Data provided START

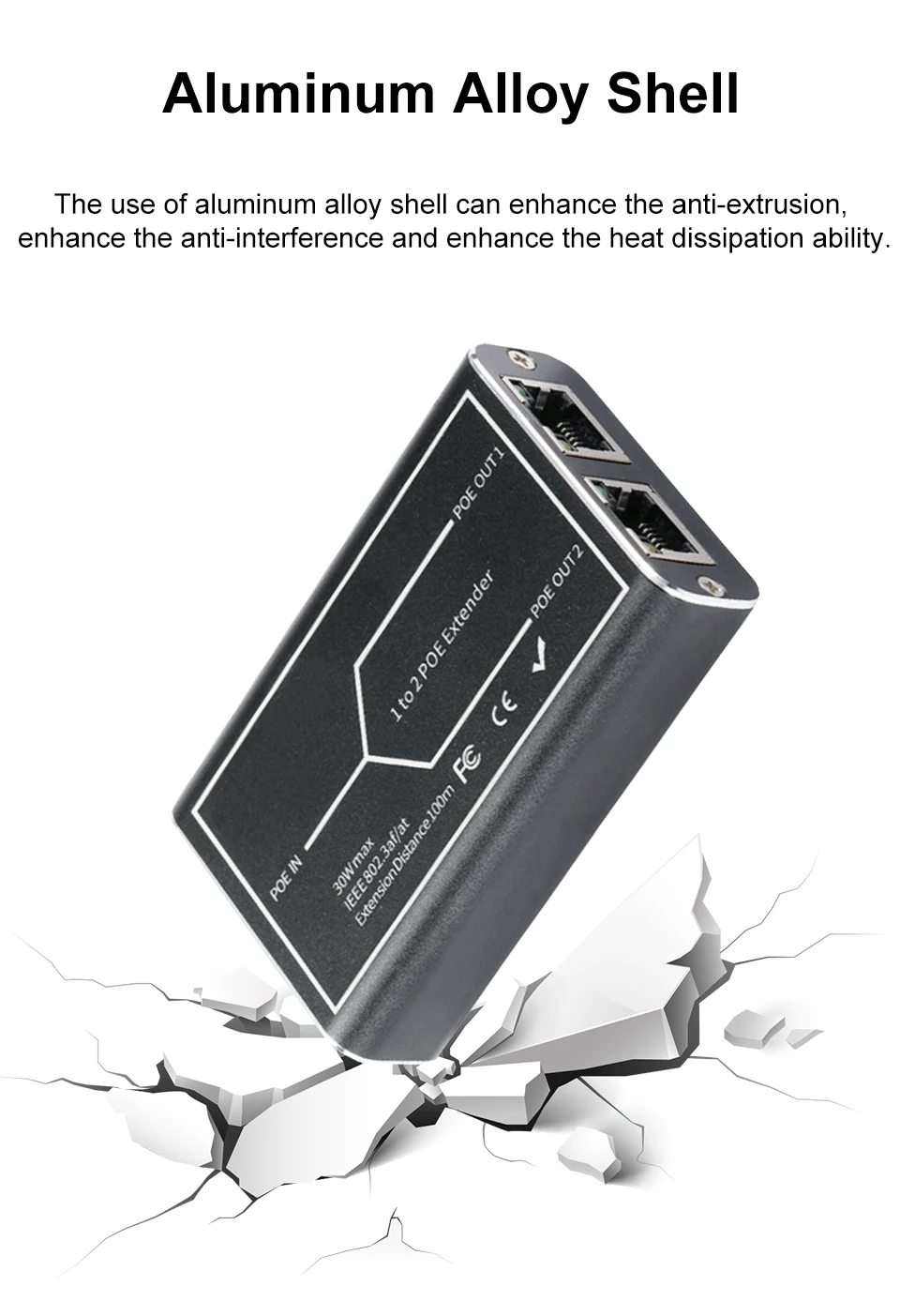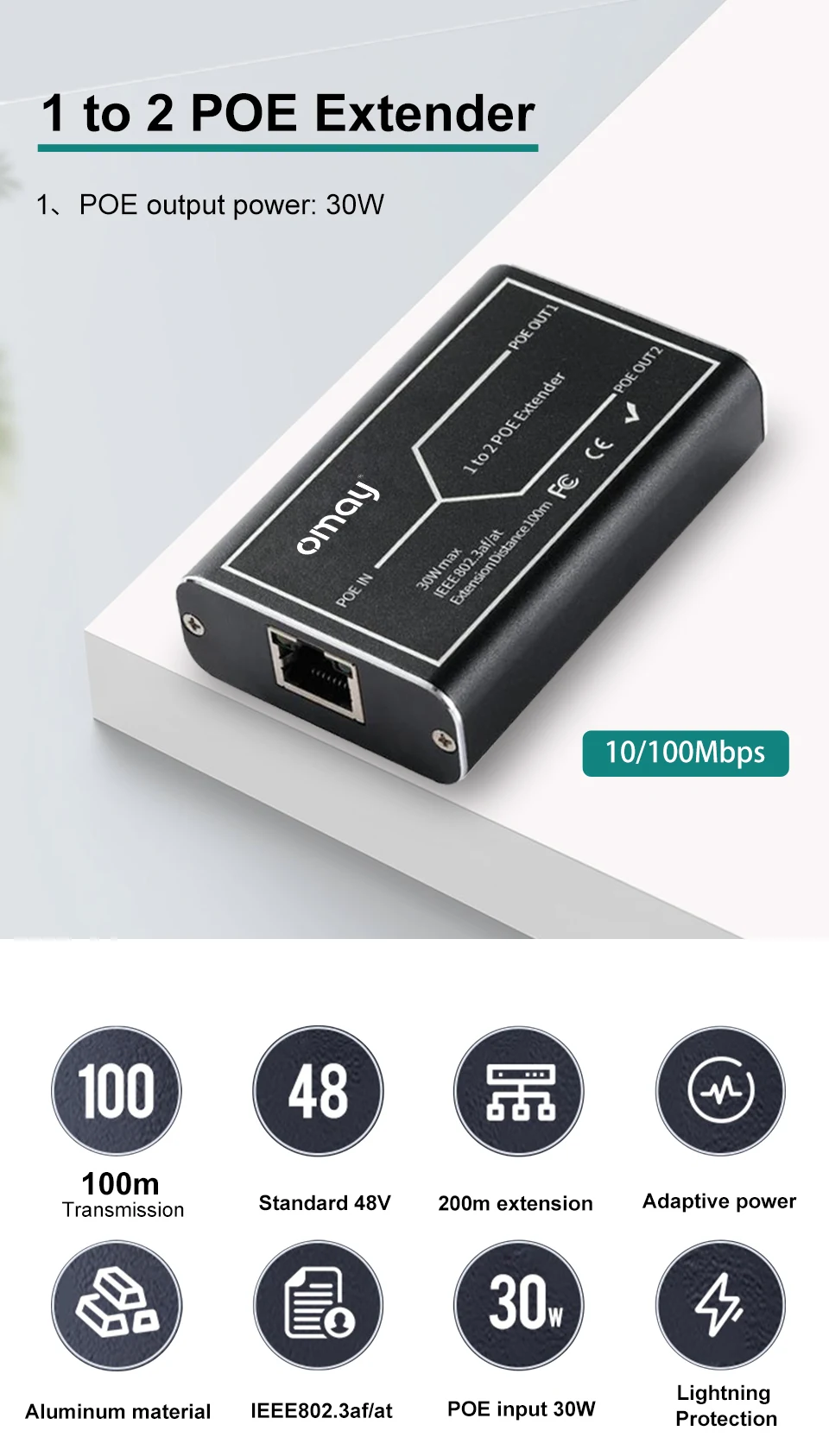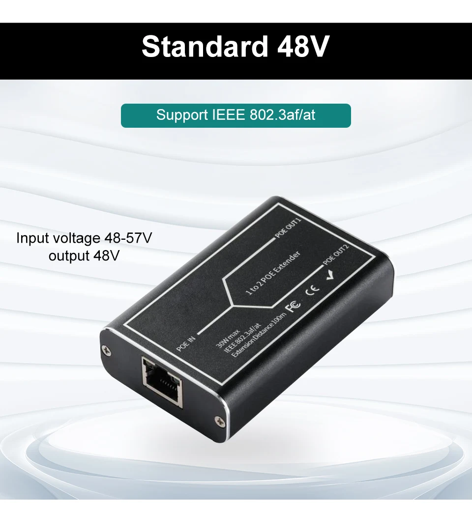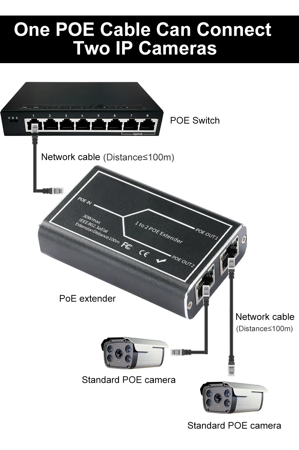 Comprar Extensor POE de 1 a 2 puertos, 100Mbps, IEEE 802.3af/at estándar, 48V, para cámara IP NVR, POE, 100 metros de alcance
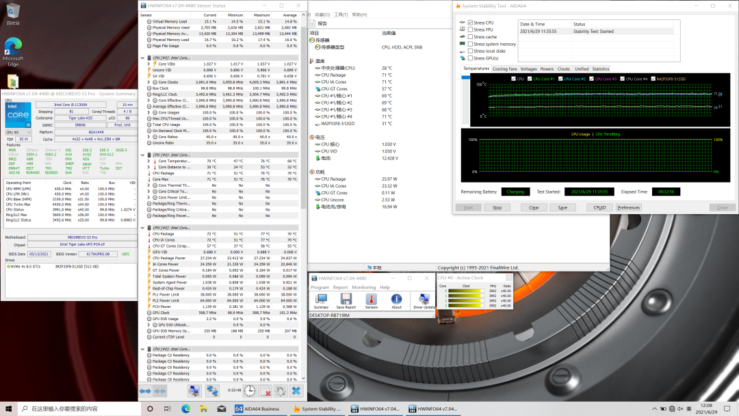 在满载状态下,CPU温度最高77℃,稳定在72℃,功耗27W左右,频率维持在4.0GHz,已经跑满了i5-11300H的全核最大睿频。
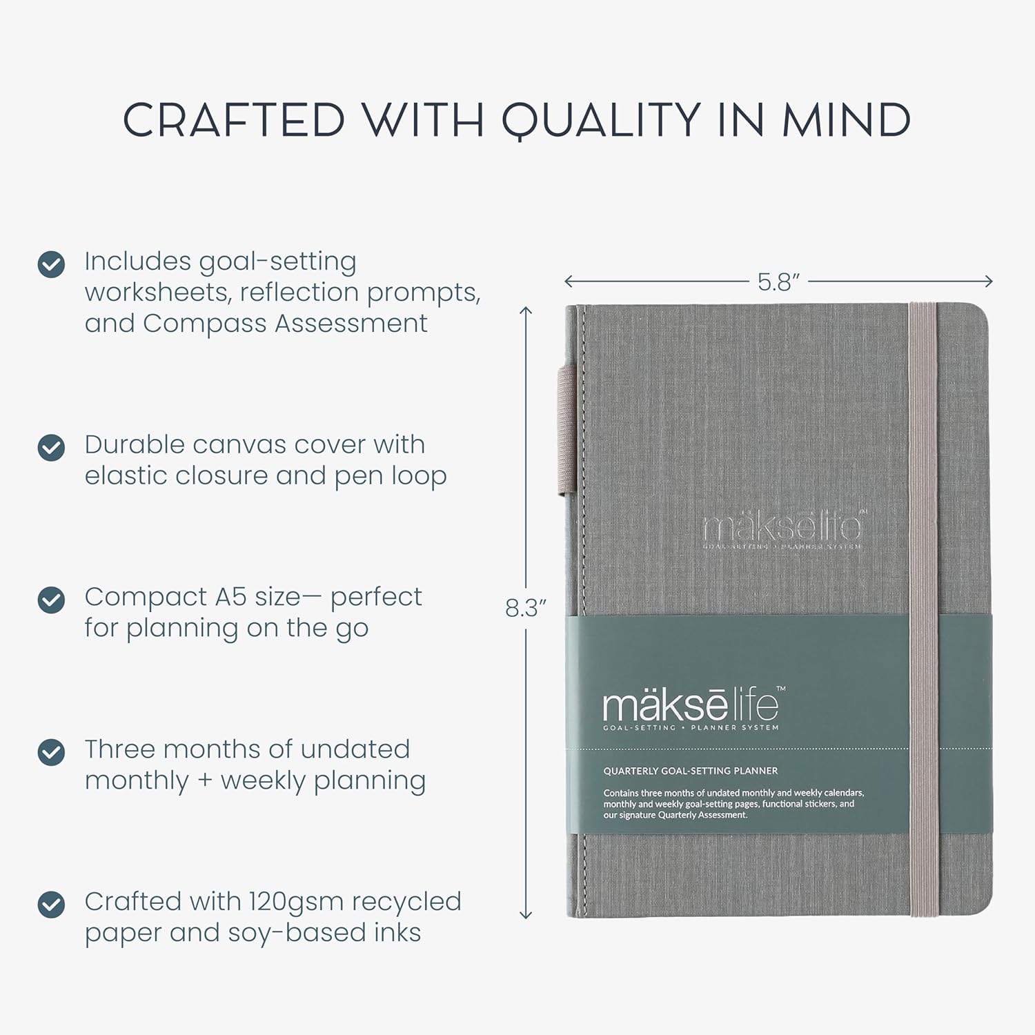 - Integrated quarterly design: The MäksēLife goal setting planner combines tracking, planning, and reflection in one package, streamlining personal development through its quarterly planner layout

Data provided END

### What you are asked to do
Exact transcription of the full listing above is required; images do not belong in it.

### Answer
 Comprar Extensor POE de 1 a 2 puertos, 100Mbps, IEEE 802.3af/at estándar, 48V, para cámara IP NVR, POE, 100 metros de alcance
 在满载状态下,CPU温度最高77℃,稳定在72℃,功耗27W左右,频率维持在4.0GHz,已经跑满了i5-11300H的全核最大睿频。
 - Integrated quarterly design: The MäksēLife goal setting planner combines tracking, planning, and reflection in one package, streamlining personal development through its quarterly planner layout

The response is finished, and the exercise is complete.